Excellent, now even I may understand it. :-)

> ---
>  drivers/gpu/drm/nouveau/nouveau_dma.c |  114 
> +++++++++++++++++++++------------
>  1 files changed, 72 insertions(+), 42 deletions(-)
> 
> diff --git a/drivers/gpu/drm/nouveau/nouveau_dma.c 
> b/drivers/gpu/drm/nouveau/nouveau_dma.c
> index e1a0adb..8930420 100644
> --- a/drivers/gpu/drm/nouveau/nouveau_dma.c
> +++ b/drivers/gpu/drm/nouveau/nouveau_dma.c
> @@ -113,8 +113,13 @@ READ_GET(struct nouveau_channel *chan, uint32_t *get)
>  
>       val = nvchan_rd32(chan->user_get);
>       if (val < chan->pushbuf_base ||
> -         val >= chan->pushbuf_base + chan->pushbuf_bo->bo.mem.size)
> +         val >= chan->pushbuf_base + chan->pushbuf_bo->bo.mem.size) {
> +             /* meaningless to dma_wait() except to know whether the
> +              * GPU has stalled or not
> +              */
> +             *get = val;

*get = val? Why not *get = (val - chan->pushbuf_base) >> 2 since it
is used for comparing with an old value in the caller?
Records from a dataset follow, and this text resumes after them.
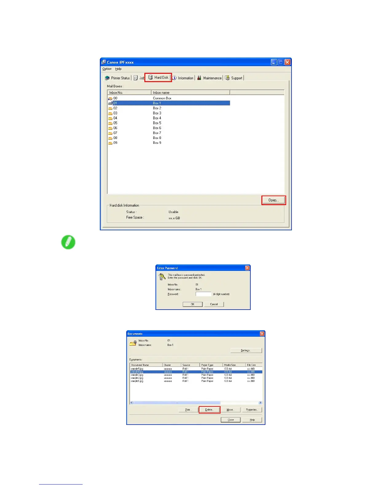 1. On the Hard Disk sheet, select a mail box in the list and click Open .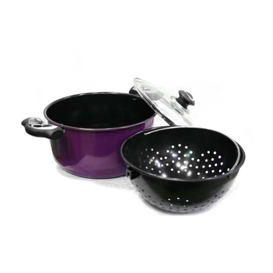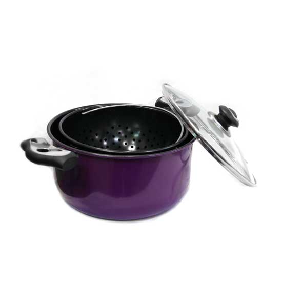 This modern pasta pot set features a purple exterior for attractiveness. It is constructed from carbon steel for sturdiness and durability. The dual-handle design offers maximum convenience for users.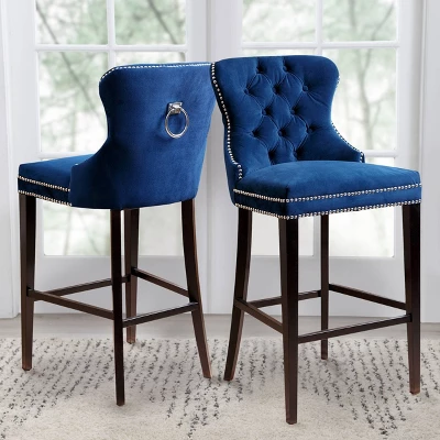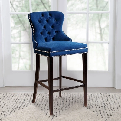 Create a bold style in your kitchen or home bar with the Monet Tufted Barstool from Abbyson Living. This modern bar height stool features a sturdy solid hardwood frame that sits atop birch wood legs awash in a rich espresso finish that creates a warm look and a strong foundation. The seat and back are lined with generous foam cushioning to make for a very comfortable seat, all wrapped in a luxuriously soft and richly colored velvet upholstery that give this contemporary bar stool a supremely enjoyable look and feel. Silver nailhead trim detailing along the edges and button-tufted seat back, as well as a silver ring handle in the center of the chair back are finishing touches that give this contemporary upholstered bar stool its unique and fashionable appeal.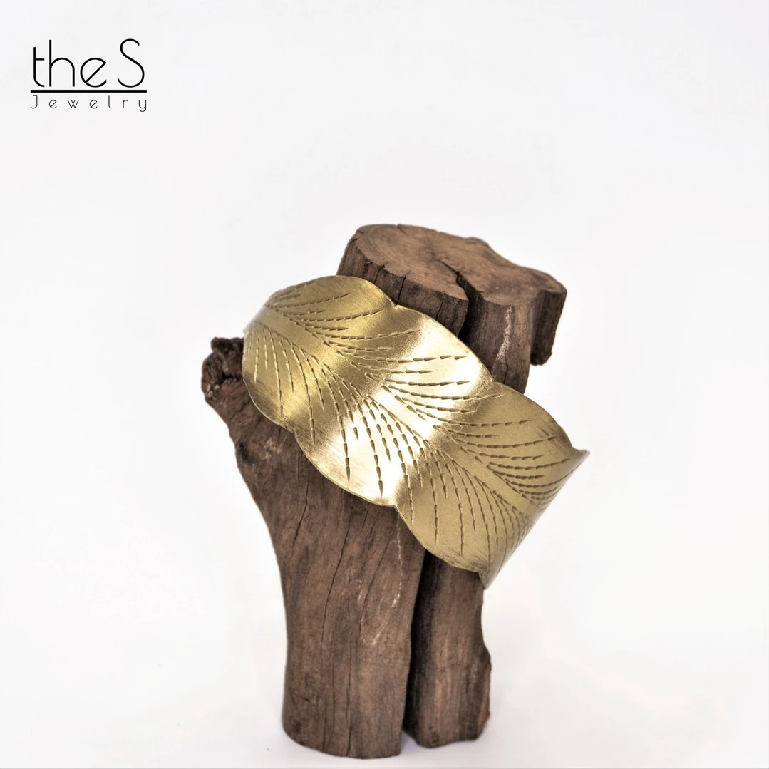 Vòng tay đồng lá dài bản lớn, khắc thủ công đường gân mềm mại. Đeo trên tay, vòng như chiếc lá ôm trọn cổ tay, vừa tự nhiên, vừa sang trọng.
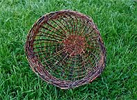 The elegant combination of functional purpose and aesthetic beauty can be found in a whole shoot, twined willow basket. A basket made of willow has its beginning in a process called coppicing or pruning. Coppicing is a practice of environmental management used by Native California basket weavers. It involves pruning a plant back to its base and removing the weak shoots to encourage vigorous growth. The plant is allowed to regrow from the cut stumps. Willows are coppiced to stimulate the propagation of long, slender and flexible branches or shoots. The willow withes are utilized in the warp elements (lengthwise threads) and weft elements (horizontal threads) of the basket. Coppicing provides an environmentally sustainable source of willow withes through periodic cutting, which actually prolongs the life of the tree. Besides preserving traditional skills, pruning creates a rich mosaic of habitats, attracting a diverse range of flora and fauna.

Not that it
likely matters much, but it just strikes as odd.

>               return false;
> +     }
>  
>       *get = (val - chan->pushbuf_base) >> 2;
>       return true;
> @@ -123,54 +128,79 @@ READ_GET(struct nouveau_channel *chan, uint32_t *get)
>  int
>  nouveau_dma_wait(struct nouveau_channel *chan, int size)
>  {
> -     const int us_timeout = 100000;
> -     uint32_t get;
> -     int ret = -EBUSY, i;
> +     uint32_t get, prev_get = 0, cnt = 0;
> +     bool get_valid;
> +
> +     while (chan->dma.free < size) {
> +             /* reset counter as long as GET is still advancing, this is
> +              * to avoid misdetecting a GPU lockup if the GPU happens to
> +              * just be processing an operation that takes a long time
> +              */
> +             get_valid = READ_GET(chan, &get);
> +             if (get != prev_get) {
> +                     prev_get = get;
> +                     cnt = 0;
> +             }
>  
> -     for (i = 0; i < us_timeout; i++) {
> -             if (!READ_GET(chan, &get)) {
> +             if ((++cnt & 0xff) == 0) {
>                       DRM_UDELAY(1);
> -                     continue;
> +                     if (cnt > 10000)
> +                             return -EBUSY;
>               }

DRM_UDELAY is a busy-wait. Since we are by default busy-waiting anyway,
why bother with udelay? Is it to give the PCI bus a rest once in a while?

How about adding a third level of waiting: a sleeping wait. Something like:

if (++cnt > CNT_MAX)
        return -EBUSY;

if (cnt & 0xfff == 0)
        msleep(5);
else if (cnt & 0xf == 0)
        udelay(1);

In pseudocode:
repeat until timeout:
- repeat 256 times:
  * repeat 16 times READ_GET
  * 1 us busywait
- at least 5 ms sleep (schedules)

The total expected timeout is roughly
cnt * READ_GET + (cnt / 16) * 1us + (cnt / 4096) * 5ms

In other words:
CNT_MAX = TIMEOUT / (READ_GET + 1us / 16 + 5000us / 4096)

Is 1 us busywait enough considering PCI latency? Might not.
Also the 5 ms might be too long. We probably have to adjust
those based on e.g. EXA and OpenGL benchmarks.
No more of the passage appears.